[Data for this exercise — start]
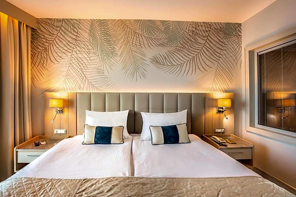 Charisma De Luxe Hotel은(는) 터키 쿠사다스(Kuşadası)에 자리한 5성급 휴식처로, 도심에서 약 1.8km 떨어져 있습니다. 아침을 스타일 있게 시작할 수 있도록 조식을 제공하며, 바닷가의 환경은 햇살과 미소, 그리고 소소한 럭셔리를 약속합니다. 세련된 이 호텔은 에게해 해안을 바로 앞에 두어 여행자들이 산들바람과 해변 분위기 속에서 편안히 쉴 수 있도록 초대합니다.
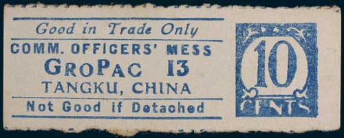 CHINA, Tangku (or Taku), c.1945, Comm. Officers' Mess, GroPac 13, chits for five cents (board) and ten cents (thick paper). Some foxing otherwise good very fine and rare. (2)
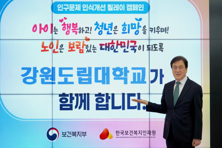 [강원도 세계타임즈=김민석 기자] 강원도립대학교 김광래 총장은 5월 28일(수), 인구감소와 저출생 문제에 대한 사회적 공감대를 확산하고자 ‘인구문제 인식개선 릴레이 캠페인’에 동참했다.
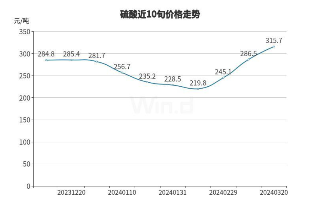 3月份,硫酸供应端利好明显,硫酸价格继续上行,较2月初的低点价格已涨超40%。
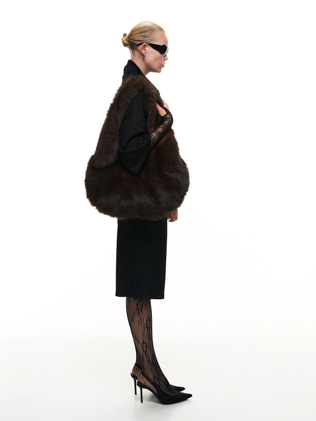 Τσάντα Γούνινη Σοκολά Με Επένδυση “LUMINA”
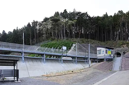 Initially given the provisional name Komeda Station (米田駅), construction work on the new station started on 3 August 2016.[2] The name Tofugaura-Kaigan for the station was selected and formally announced in November 2016.[1] The station opened on 25 March 2017.[1][3] Minami-Rias Line, a portion of Yamada Line, and Kita-Rias Line constitute Rias Line on 23 March 2019. Accordingly, this station became an intermediate station of Rias Line.[4]
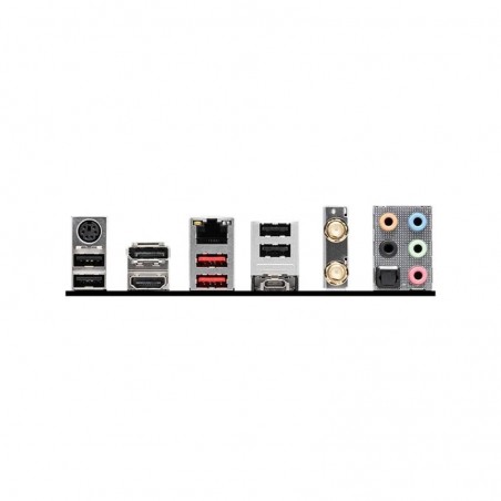 Panel Trasero: Dispone de 1 puerto HDMI 2.1, 1 DisplayPort 1.4, 1 puerto Ethernet 2.5 Gigabit, 4 puertos USB 2.0, 2 puertos USB 3.2 Gen 2, y 1 puerto USB tipo C 3.2 Gen 2.
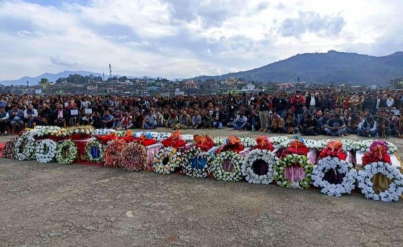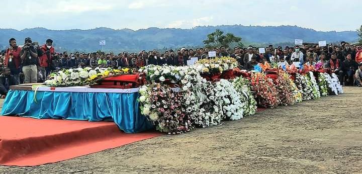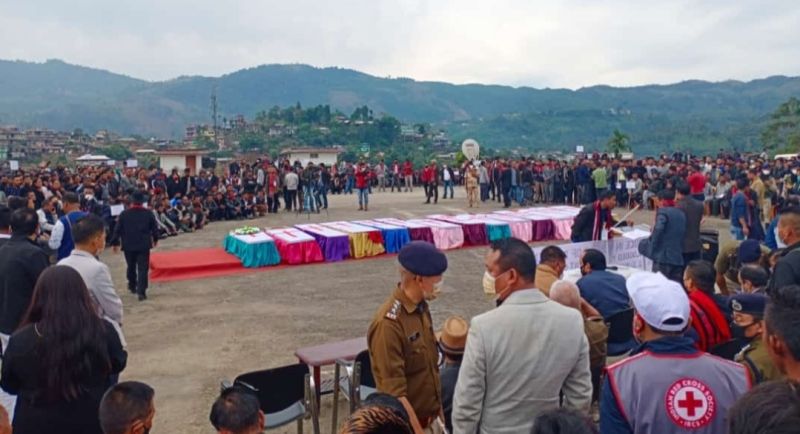 Recounting the incident, the report informed that the Konyak Union had announced for a mass funeral service of the 13 deceased civilians at the Helipad, Mon town, whose mortal remains were brought there from Oting village.
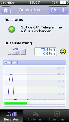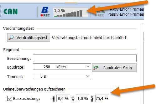 Die Busauslastung wird im CAN-Bus Tester 2, im CANtouch und im CANobserver direkt vom FPGA ausgezählt.
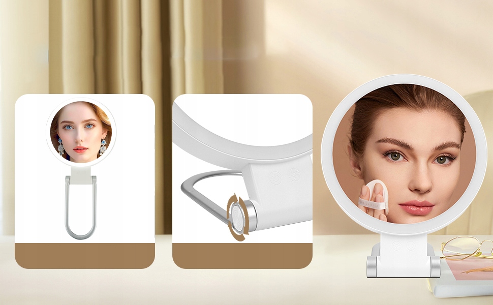 💡РЕГУЛИРОВКА НАКЛОНА:Наклон зеркала полностью регулируется, что означает, что вы можете установить его в любое положение, чтобы лучше всего помочь вам в уходе за красотой. На задней стороне зеркала есть ножка, которую вы можете свободно перемещать, чтобы установить зеркало под идеальным для вас углом!
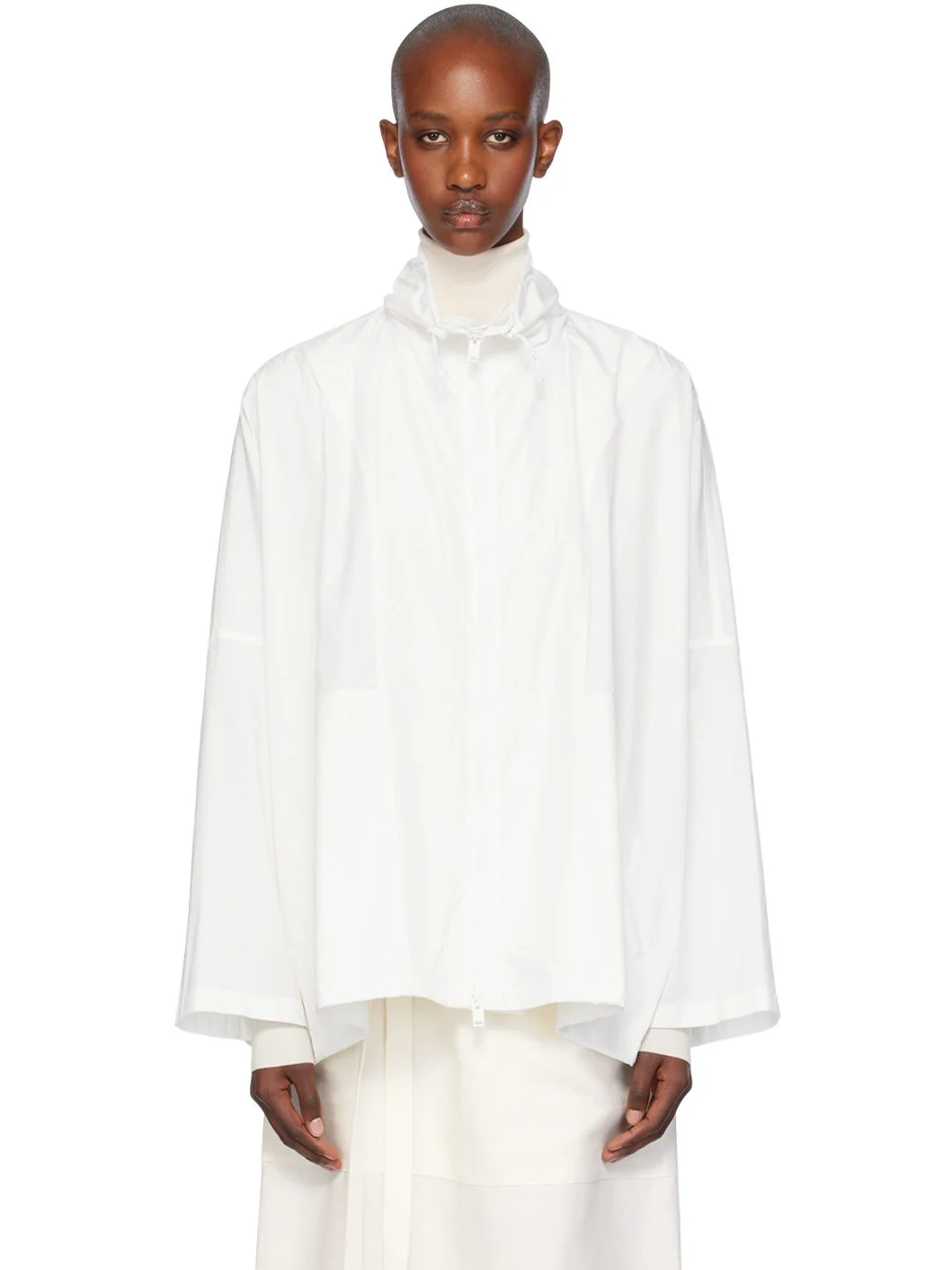 Recycled polyester taffeta jacket. · Paneled construction · Bungee-style drawstring at stand collar and hem · Two-way zip closure · Zip pockets Supplier color: White 100% recycled polyester. Made in Italy 242359F063007
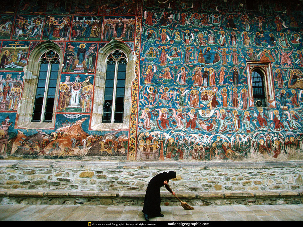 虔诚的信仰指引着一位摩尔多维察的修女。这座Vatra Moldovitei附近的罗马尼亚东正教堂修道院建立于1532年。墙上的插图为不识字的信徒描绘了历史传说和圣经故事。尽管***当局不禁止宗教信仰,但限制礼拜,有时甚至迫害信徒。在政权倾覆之后,进这个铺着石板路的教堂做礼拜的人又多了起来。
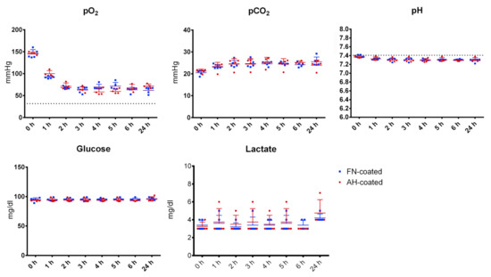 Within flow exposure experiments a stepwise increase of the flow rate in the first two hours was performed, at which the pO2 decreased steadily for both coated and endothelialized HFM without any significant difference (AH coated 146 ± 2.83 mmHg to 71.23 ± 6.62 mmHg, FN coated 147 ± 9.52 mmHg to 73.07 ± 11.69 mmHg) until reaching a stable plateau of around 68.12 mmHg until the end of the experiment. Levels of pCO2 developed opposed, from their starting values (AH coated 21.20 ± 0.87 mmHg, FN coated 20.28 ± 1.66 mmHg) up to the stable plateau around 24.7 mmHg after two h. During all experiments (n = 4), and irrespective of the coating type, pH, glucose and lactate values did not change significantly throughout the flow exposure time (Figure 6).
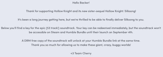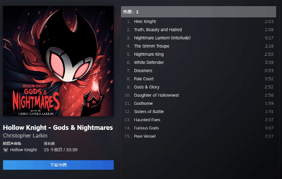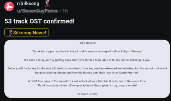 根据推特博主@daily silksong news的消息称,有众筹玩家在近日收到来自team cherry官方的邮件,确认《丝之歌》的游戏原声集中将包含53首曲目!
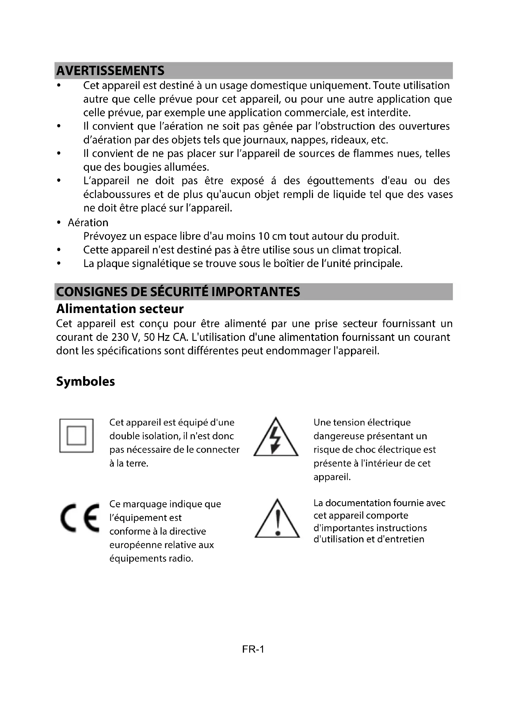 FR-1 AVERTISSEMENTS Cet appareil est destiné à un usage domestique uniquement. Toute utilisation autre que celle prévue pour cet appareil, ou pour une autre application que celle prévue, par exemple une application commerciale, est interdite. Il convient que l’aération ne soit pas gênée par l’obstruction des ouvertures d’aération par des objets tels que journaux, nappes, rideaux, etc. Il convient de ne pas placer sur l’appareil de sources de flammes nues, telles que des bougies allumées. L’appareil ne doit pas être exposé á des égouttements d'eau ou des éclaboussures et de plus qu'aucun objet rempli de liquide tel que des vases ne doit être placé sur l’appareil. Aération Prévoyez un espace libre d'au moins 10 cm tout autour du produit. Cette appareil n'est destiné pas à être utilise sous un climat tropical. La plaque signalétique se trouve sous le boîtier de l’unité principale.
[Data for this exercise — finish]
== Aim of the task ==
In the data above, take the line with "Panel Trasero: Dispone", the line with "虔诚的信仰指引着一位摩尔多维", and every line between, and set them down exactly without pictures.

== Answer to this problem ==
 Panel Trasero: Dispone de 1 puerto HDMI 2.1, 1 DisplayPort 1.4, 1 puerto Ethernet 2.5 Gigabit, 4 puertos USB 2.0, 2 puertos USB 3.2 Gen 2, y 1 puerto USB tipo C 3.2 Gen 2.
 Recounting the incident, the report informed that the Konyak Union had announced for a mass funeral service of the 13 deceased civilians at the Helipad, Mon town, whose mortal remains were brought there from Oting village.
 Die Busauslastung wird im CAN-Bus Tester 2, im CANtouch und im CANobserver direkt vom FPGA ausgezählt.
 💡РЕГУЛИРОВКА НАКЛОНА:Наклон зеркала полностью регулируется, что означает, что вы можете установить его в любое положение, чтобы лучше всего помочь вам в уходе за красотой. На задней стороне зеркала есть ножка, которую вы можете свободно перемещать, чтобы установить зеркало под идеальным для вас углом!
 Recycled polyester taffeta jacket. · Paneled construction · Bungee-style drawstring at stand collar and hem · Two-way zip closure · Zip pockets Supplier color: White 100% recycled polyester. Made in Italy 242359F063007
 虔诚的信仰指引着一位摩尔多维察的修女。这座Vatra Moldovitei附近的罗马尼亚东正教堂修道院建立于1532年。墙上的插图为不识字的信徒描绘了历史传说和圣经故事。尽管***当局不禁止宗教信仰,但限制礼拜,有时甚至迫害信徒。在政权倾覆之后,进这个铺着石板路的教堂做礼拜的人又多了起来。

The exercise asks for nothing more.